« on: November 11, 2005, 01:36:02 AM »
Speaking from some really good and some really ineffective experiences with recommenders during this cycle and the last one, I would suggest that you meet with your recommender face to face.
Unless that person's a pompous jack a s s that you really don't know that well (why would you ask them to write your rec. anyway?), they'll want to hear your thoughts on strategy and what to feature.
Think of a coherent, complementary message that dovetails w/ the rest of your app.
Give them an example of a good rec. and an example of a bad rec. You can find these in Ivey's book or elsewhere online. In addition, provide
2. Personal Statement
4. The best piece of work you've done with them
5. PREPAID, PRE-ADDRESSED ExpressMail or FEDEX envelopes w/ pre-addressed #10 envelopes addressed to appropriate school/LSAC Target. This way, they can sign and seal, but won't really have to do any legwork to get stuff there quickly.
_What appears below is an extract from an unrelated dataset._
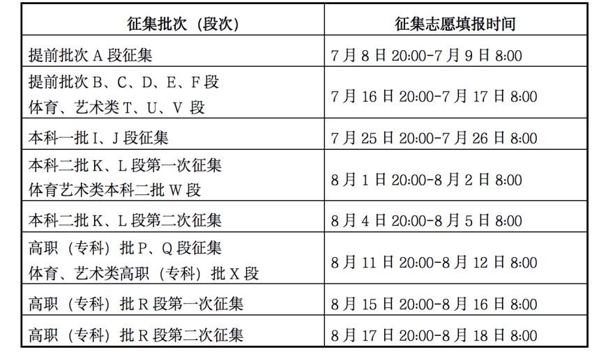 三、征集志愿时间安排

The most infuriating thing about applying for a lot of people is waiting for LSAC to forward their recs. to schools. If a school doesn't explicitly state that they prefer recs. through LSAC, have the recommender FedEx directly to the school's admissions office with something on the package clearly indicating whose application this is going to (don't use your ss#, though).
After the recommender has sent everything, buy them something to show your appreciation. Also, make sure to send them a copy of your acceptances when you get them with a personalized thank you card.
NOTE, all of the above has basically been stolen from Anna Ivey's Guide to Admissions, which, along with Estrich's How to Get Into Law School, is the single most helpful source for realistic answers to all of these application questions.
You're about to spend hundreds of dollars on apps and tens of thousands on tuition. Spend $30 on these two books to figure out how to do it right.